(ACTION ITEM)
In the entries below, find the line containing "Michelle Li (Kanada)" and the line containing "Summer Newman (played". Copy those two lines and everything between them exactly, without the pictures.

(DATASET CONTENT)

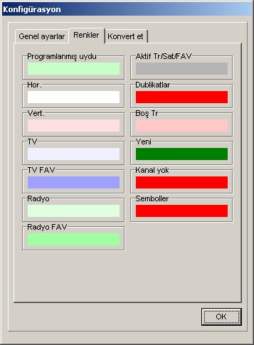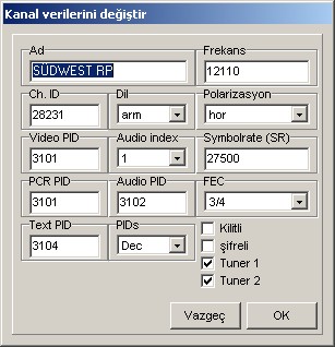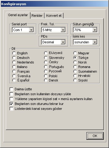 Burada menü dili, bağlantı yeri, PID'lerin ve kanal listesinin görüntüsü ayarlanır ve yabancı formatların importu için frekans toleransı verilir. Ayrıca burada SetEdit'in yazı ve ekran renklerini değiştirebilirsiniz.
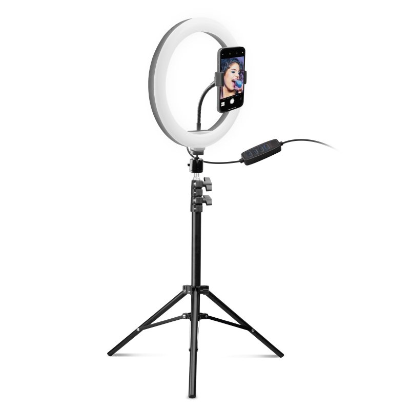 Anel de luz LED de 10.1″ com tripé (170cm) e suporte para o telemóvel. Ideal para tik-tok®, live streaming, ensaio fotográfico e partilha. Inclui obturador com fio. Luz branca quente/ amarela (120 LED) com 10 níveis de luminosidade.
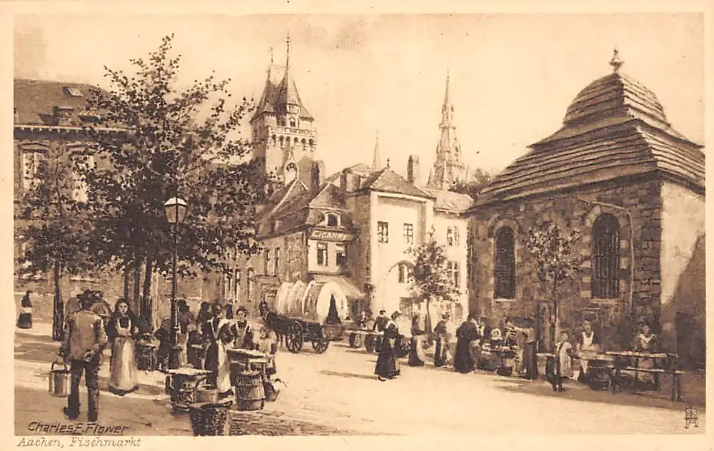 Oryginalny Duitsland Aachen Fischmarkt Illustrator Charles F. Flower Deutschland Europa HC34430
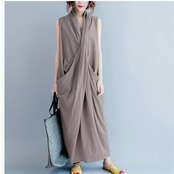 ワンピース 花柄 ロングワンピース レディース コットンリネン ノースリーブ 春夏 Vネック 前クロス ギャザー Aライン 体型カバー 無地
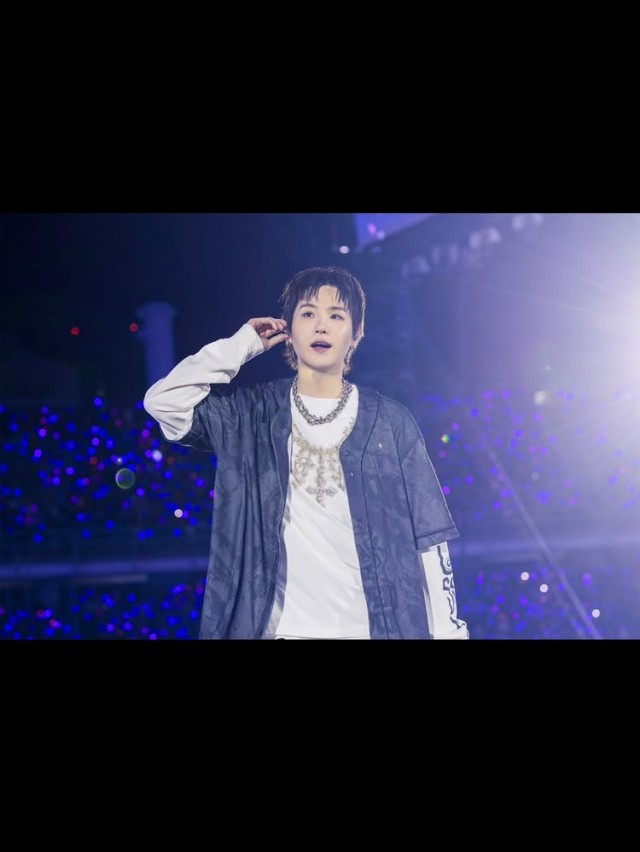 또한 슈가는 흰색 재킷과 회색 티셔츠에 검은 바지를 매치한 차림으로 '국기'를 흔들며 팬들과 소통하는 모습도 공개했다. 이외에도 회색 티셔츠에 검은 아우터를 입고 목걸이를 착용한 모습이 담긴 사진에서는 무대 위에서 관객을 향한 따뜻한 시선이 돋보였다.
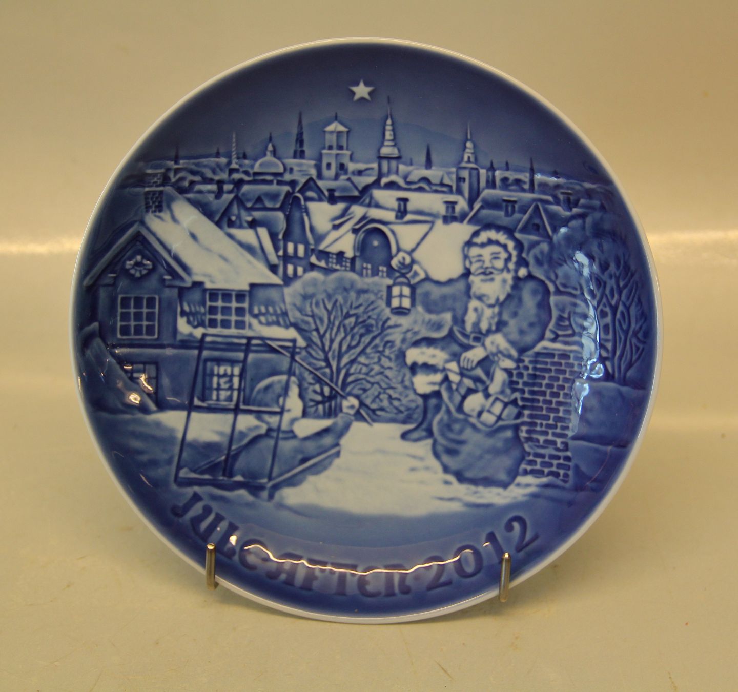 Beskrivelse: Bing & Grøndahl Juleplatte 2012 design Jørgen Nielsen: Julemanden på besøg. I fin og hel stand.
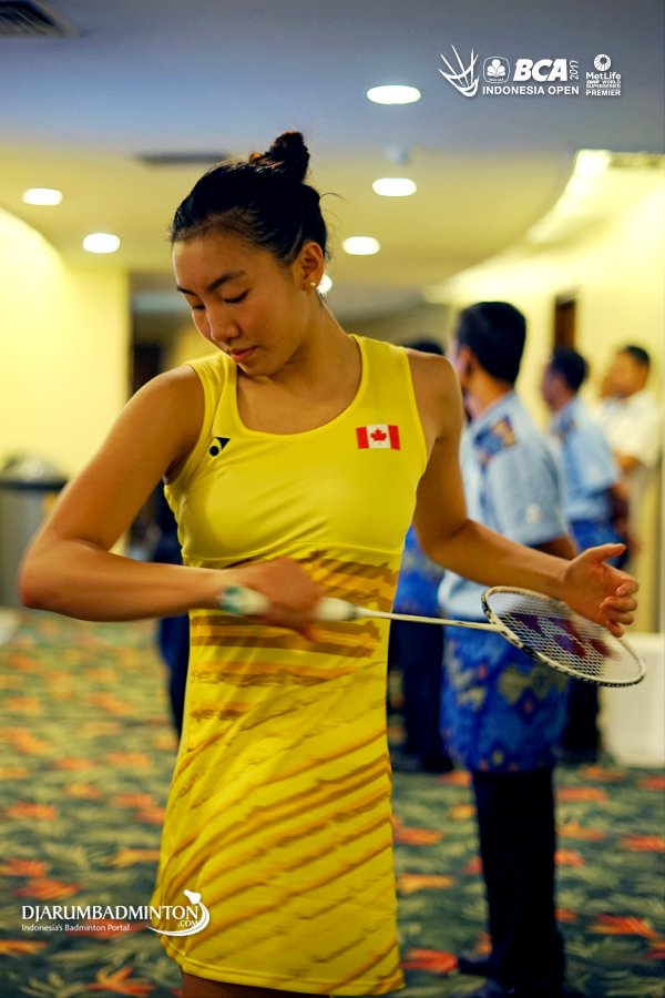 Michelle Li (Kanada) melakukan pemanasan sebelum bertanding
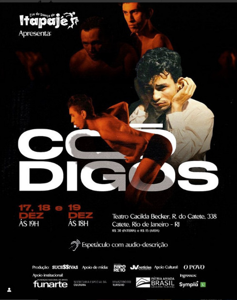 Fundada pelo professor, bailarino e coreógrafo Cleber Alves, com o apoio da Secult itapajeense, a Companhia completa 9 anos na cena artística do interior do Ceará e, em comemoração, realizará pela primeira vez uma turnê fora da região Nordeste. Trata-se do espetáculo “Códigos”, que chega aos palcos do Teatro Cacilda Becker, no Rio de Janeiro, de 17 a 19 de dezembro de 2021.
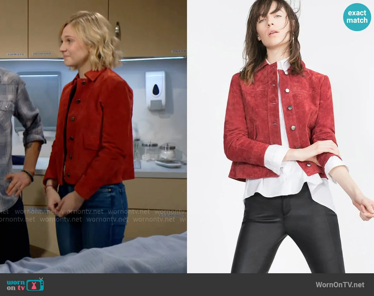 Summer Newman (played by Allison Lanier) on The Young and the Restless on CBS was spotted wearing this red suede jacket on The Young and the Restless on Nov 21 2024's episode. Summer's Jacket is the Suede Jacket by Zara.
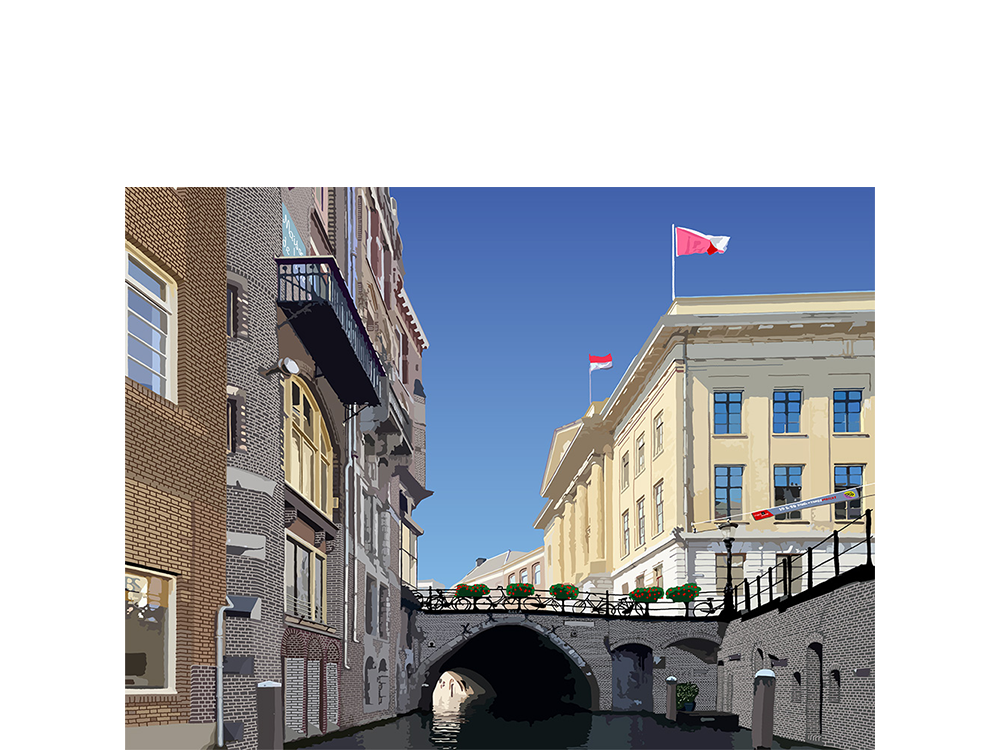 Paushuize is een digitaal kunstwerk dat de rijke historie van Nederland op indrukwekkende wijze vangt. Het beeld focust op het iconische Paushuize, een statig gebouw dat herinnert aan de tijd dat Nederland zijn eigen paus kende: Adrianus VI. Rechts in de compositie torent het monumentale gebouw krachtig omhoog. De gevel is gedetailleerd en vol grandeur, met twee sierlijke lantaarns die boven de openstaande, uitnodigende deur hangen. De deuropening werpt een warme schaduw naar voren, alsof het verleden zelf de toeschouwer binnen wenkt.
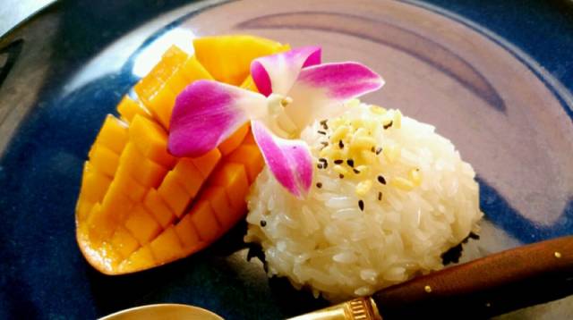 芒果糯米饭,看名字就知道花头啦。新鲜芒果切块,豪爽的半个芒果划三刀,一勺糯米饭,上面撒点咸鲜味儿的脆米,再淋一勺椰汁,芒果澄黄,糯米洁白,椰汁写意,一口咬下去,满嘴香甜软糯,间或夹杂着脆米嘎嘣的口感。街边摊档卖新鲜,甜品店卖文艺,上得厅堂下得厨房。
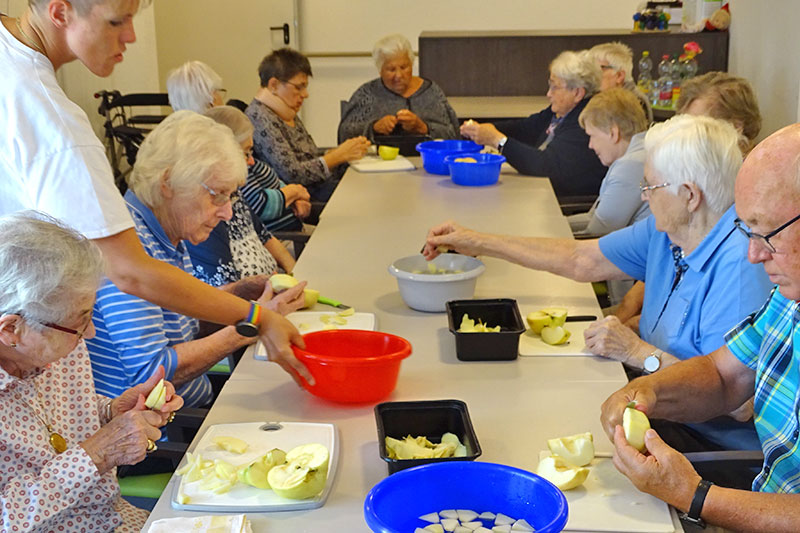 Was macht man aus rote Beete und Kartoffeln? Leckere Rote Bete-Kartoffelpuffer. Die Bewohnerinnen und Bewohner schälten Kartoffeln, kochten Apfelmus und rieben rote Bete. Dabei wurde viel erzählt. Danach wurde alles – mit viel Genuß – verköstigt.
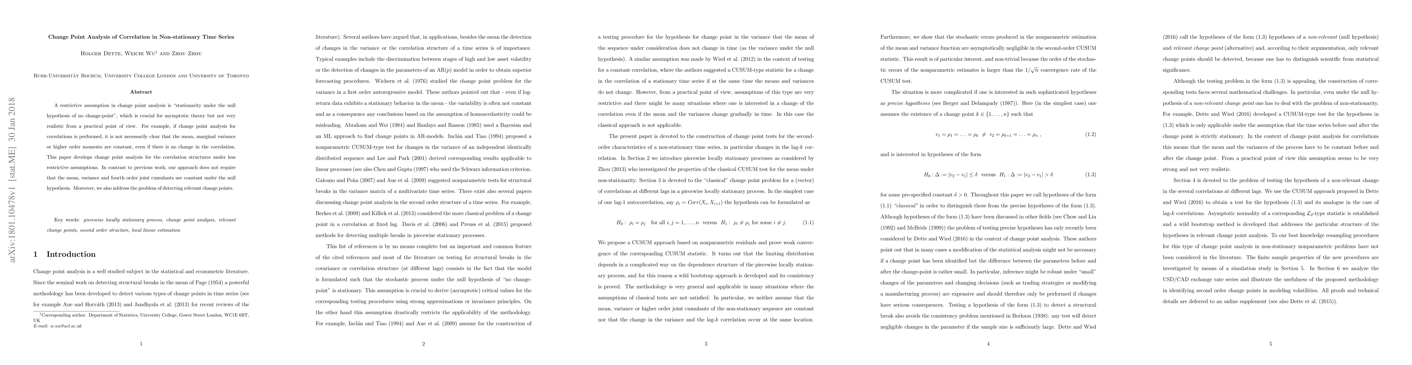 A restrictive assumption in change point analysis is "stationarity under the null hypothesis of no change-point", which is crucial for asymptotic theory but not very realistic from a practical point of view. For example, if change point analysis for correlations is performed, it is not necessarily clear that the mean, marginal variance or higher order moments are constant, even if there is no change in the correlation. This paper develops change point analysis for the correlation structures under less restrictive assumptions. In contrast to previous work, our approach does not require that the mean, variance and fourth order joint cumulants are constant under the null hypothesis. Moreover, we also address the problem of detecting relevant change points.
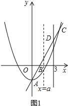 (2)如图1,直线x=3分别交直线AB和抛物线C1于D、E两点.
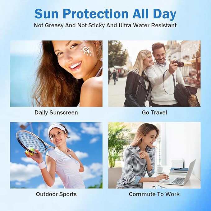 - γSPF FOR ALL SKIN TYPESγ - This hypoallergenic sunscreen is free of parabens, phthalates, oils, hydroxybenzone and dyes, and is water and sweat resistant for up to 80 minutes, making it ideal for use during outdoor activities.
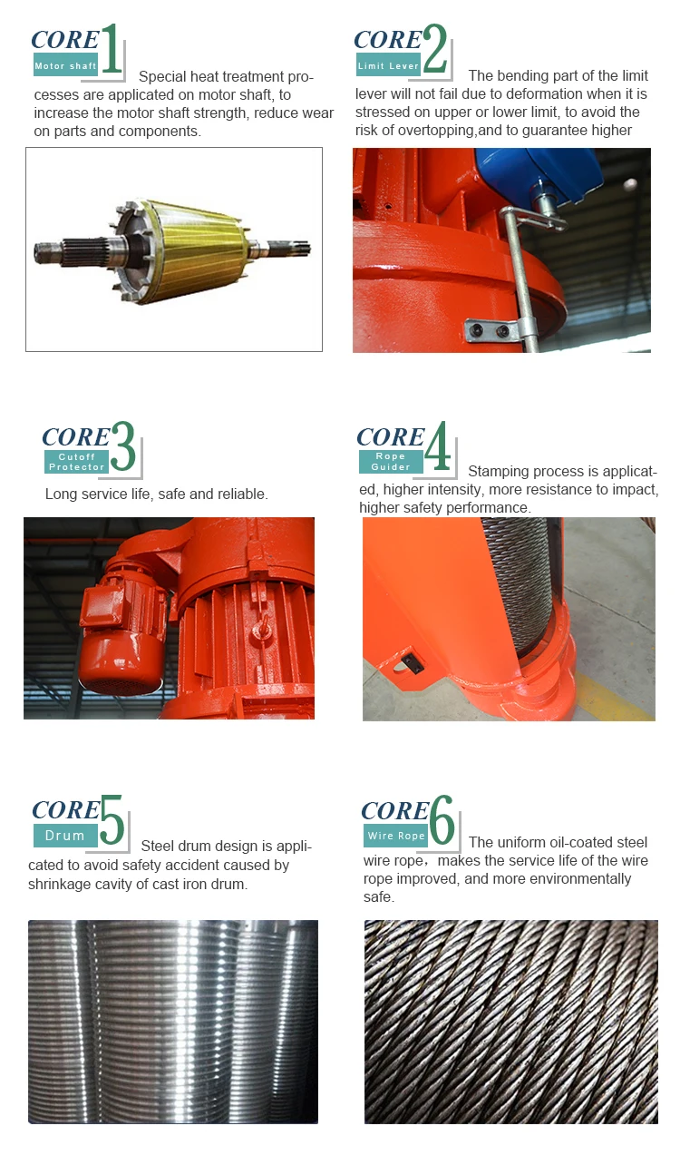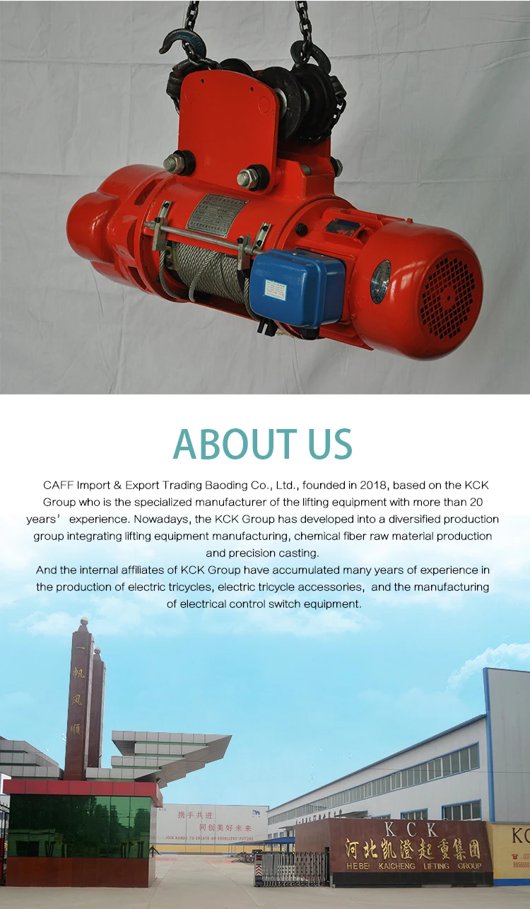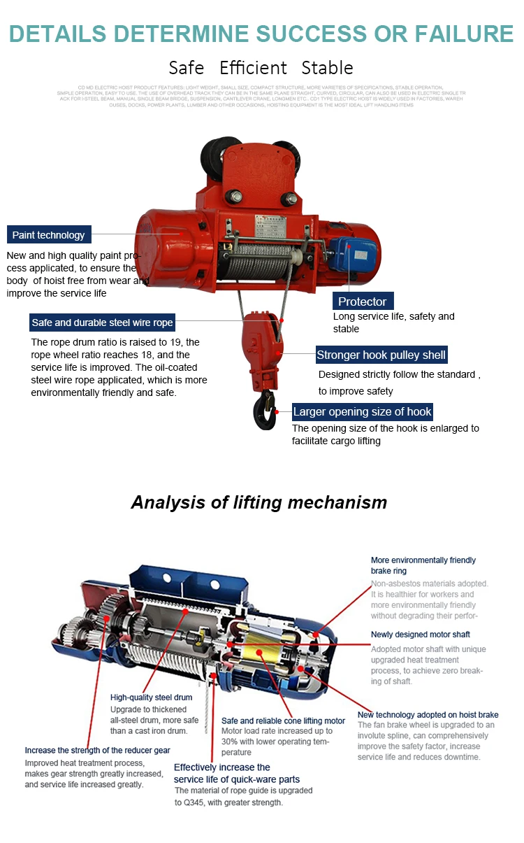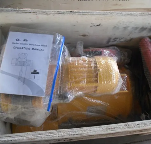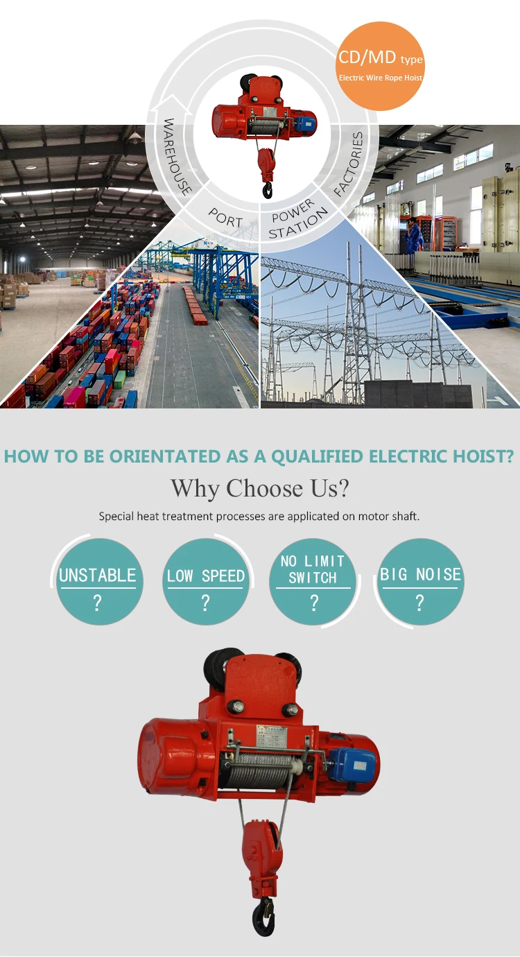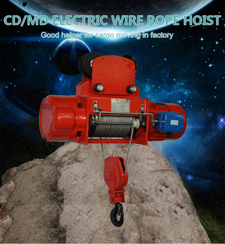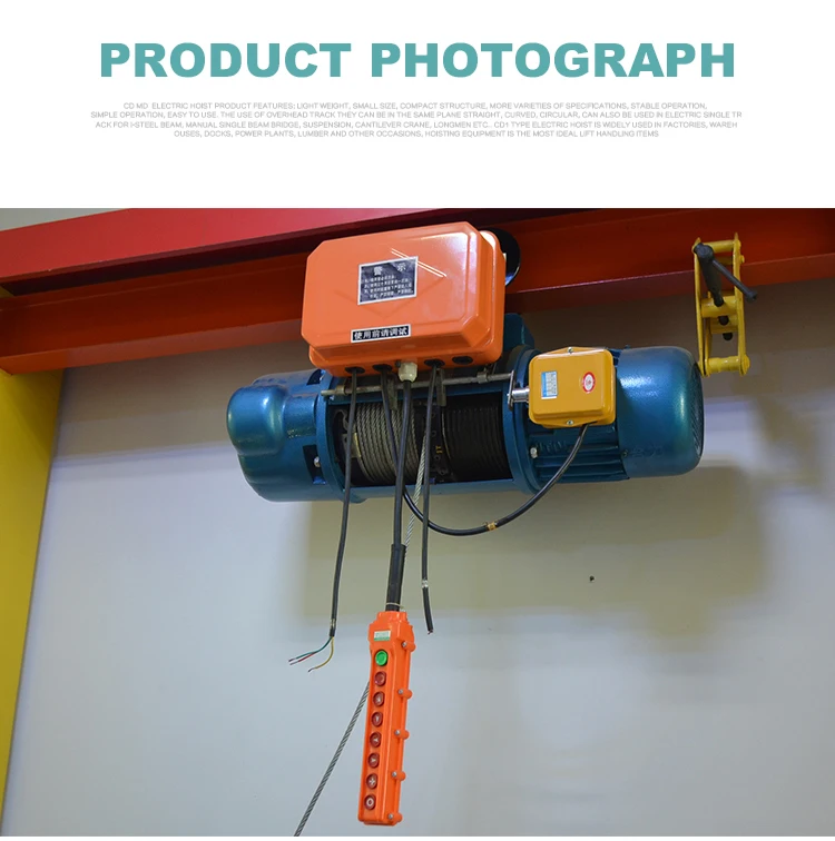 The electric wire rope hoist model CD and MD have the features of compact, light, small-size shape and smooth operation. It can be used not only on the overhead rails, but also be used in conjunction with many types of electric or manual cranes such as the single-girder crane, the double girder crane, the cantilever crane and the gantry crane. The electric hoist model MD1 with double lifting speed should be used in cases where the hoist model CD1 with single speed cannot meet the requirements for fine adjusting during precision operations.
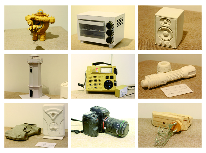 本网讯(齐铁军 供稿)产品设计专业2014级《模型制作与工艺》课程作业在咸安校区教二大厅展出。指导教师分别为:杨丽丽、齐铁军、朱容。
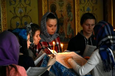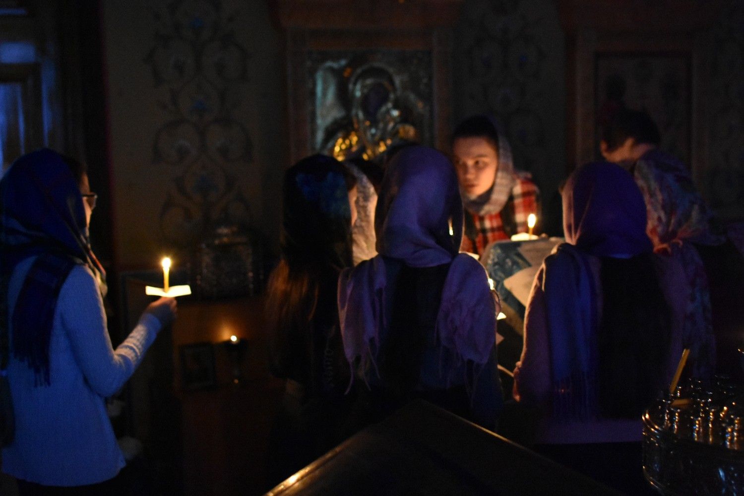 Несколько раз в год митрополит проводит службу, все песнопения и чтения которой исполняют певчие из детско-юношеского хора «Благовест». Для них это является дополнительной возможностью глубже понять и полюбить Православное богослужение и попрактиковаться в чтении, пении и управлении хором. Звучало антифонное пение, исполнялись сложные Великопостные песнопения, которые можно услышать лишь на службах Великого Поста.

(TASK RESULT)
 Michelle Li (Kanada) melakukan pemanasan sebelum bertanding
 Fundada pelo professor, bailarino e coreógrafo Cleber Alves, com o apoio da Secult itapajeense, a Companhia completa 9 anos na cena artística do interior do Ceará e, em comemoração, realizará pela primeira vez uma turnê fora da região Nordeste. Trata-se do espetáculo “Códigos”, que chega aos palcos do Teatro Cacilda Becker, no Rio de Janeiro, de 17 a 19 de dezembro de 2021.
 Summer Newman (played by Allison Lanier) on The Young and the Restless on CBS was spotted wearing this red suede jacket on The Young and the Restless on Nov 21 2024's episode. Summer's Jacket is the Suede Jacket by Zara.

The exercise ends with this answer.